Advantages of Using Pre-signed URLs for Video Uploads:
- Reduced Server Load: The backend doesn’t need to handle large file uploads, reducing server load and network usage.
- Scalability: Offloading file uploads to a cloud provider (like S3 or GCS) helps scale the upload process as your user base grows.
- Security: Pre-signed URLs are time-limited, meaning they’re valid only for a short duration, reducing the risk of unauthorized access.
- Direct Uploads: The client can upload directly to cloud storage, making the process faster and more efficient.

What is a Manifest File and how it useful in YouTube design?
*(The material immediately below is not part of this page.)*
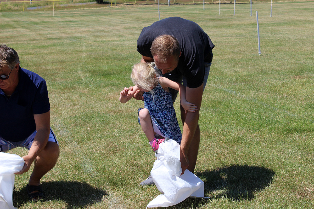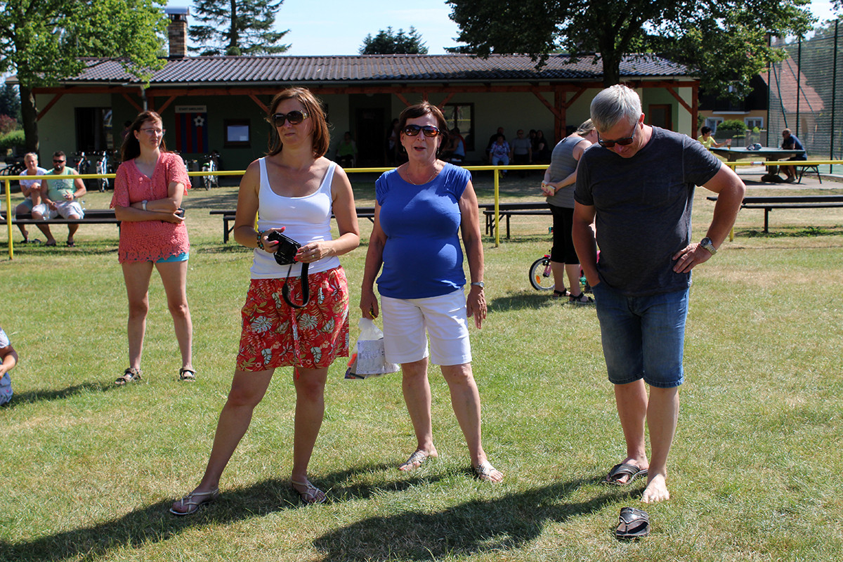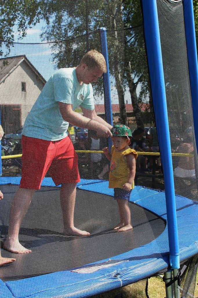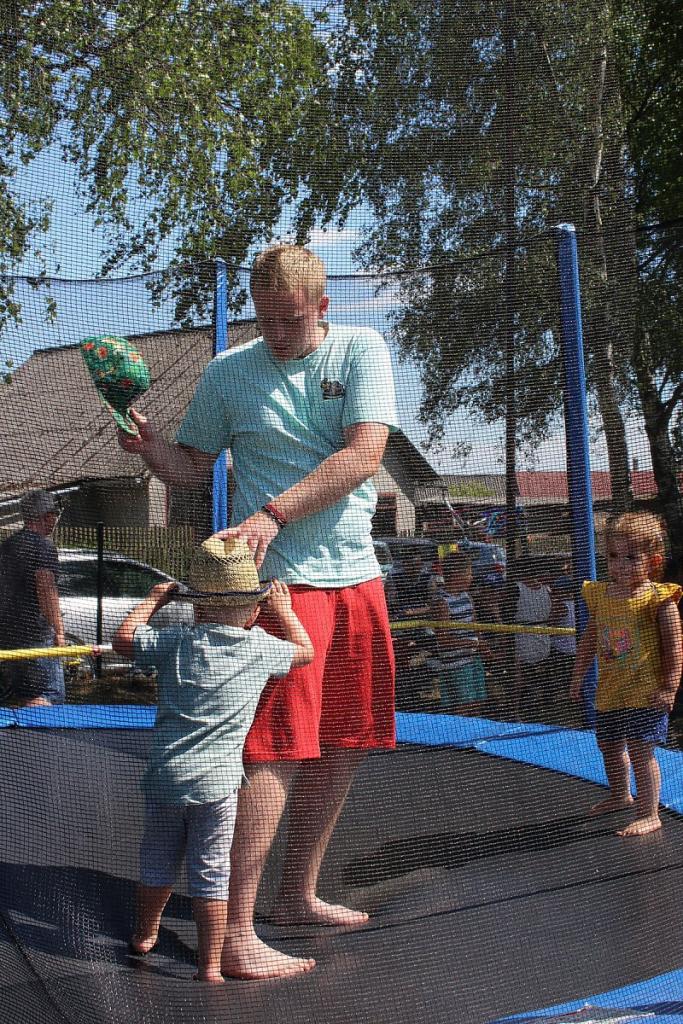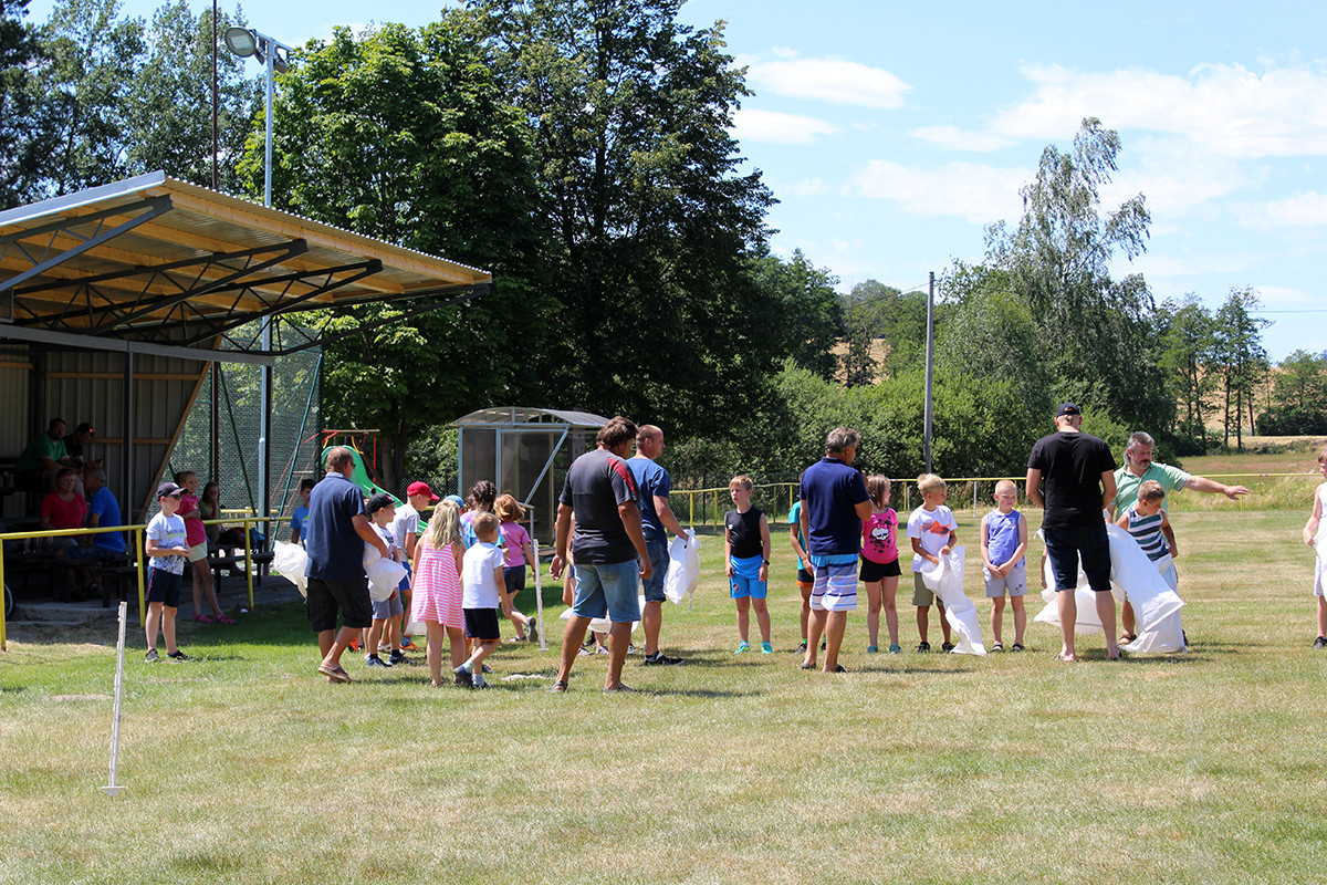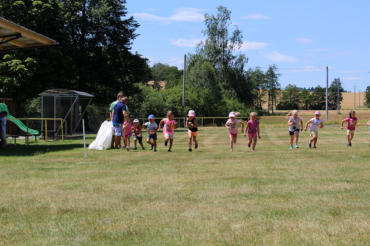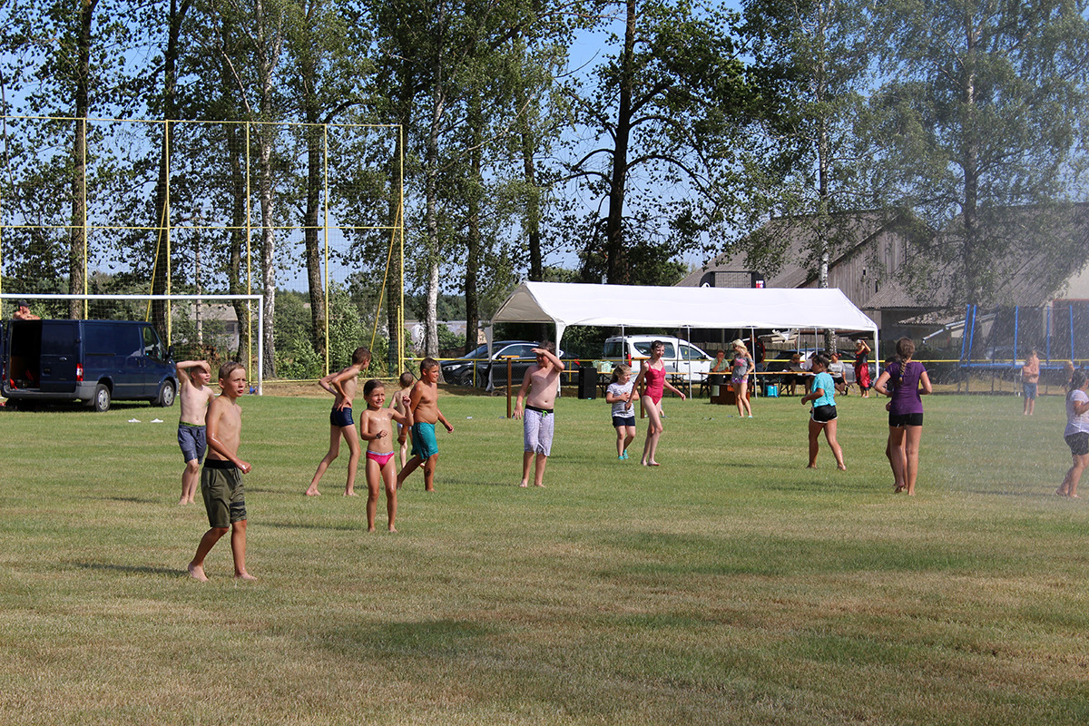 Po výletě z lesa se trochu ochladily nanukem, kdo chtěl, mohl si dát klobásu či točenou limču. A pak došlo na vyhlašování sportovních disciplín. Všechny děti dostaly balíček s překvapením a každé ještě dostalo medaili za účast. A protože horko bylo veliké, hasiči připravili cisternu a děti pěkně pokropili. To je asi to nejlepší, na co se děti těší. Rodiče už méně, ale co by pro své ratolesti neudělali ????. Během celého odpoledne si mohly děti zařádit v nafukovacím hradu či na trampolíně, což také plně využívaly.

A manifest file is a text-based file (usually in JSON or XML format) that provides metadata about the video content and its available formats. It acts as an index for the video player, listing:

Available video qualities (bitrate, resolution).
Audio tracks (languages, bitrate).
Subtitle tracks (languages).
Segment locations for streaming (URLs of video chunks).

For example, in the DASH protocol, the manifest file is called a Media Presentation Description (MPD), and for HLS, it's a playlist (.m3u8).

Purpose of Manifest Files in YouTube

1. Enabling Adaptive Bitrate Streaming (ABR)

What is ABR? Adaptive Bitrate Streaming allows YouTube to dynamically adjust the video quality based on the user's network conditions, device capabilities, and screen size.
The manifest file contains the URLs for video chunks at different bitrates and resolutions (e.g., 144p, 360p, 720p, 1080p, 4K). The player reads this file and switches between these versions during playback.

2. Video Chunking and Streaming

Instead of downloading the entire video file, YouTube divides videos into smaller chunks (e.g., 2-10 seconds per chunk).
The manifest file provides the location of these chunks, enabling the player to request only the segments it needs, reducing latency and buffering.

3. Efficient Bandwidth Usage

Users with slower networks can watch videos at lower resolutions. The manifest file allows the video player to choose the appropriate quality, ensuring smooth playback without buffering.
It prevents wasting bandwidth by fetching only the needed video and audio segments.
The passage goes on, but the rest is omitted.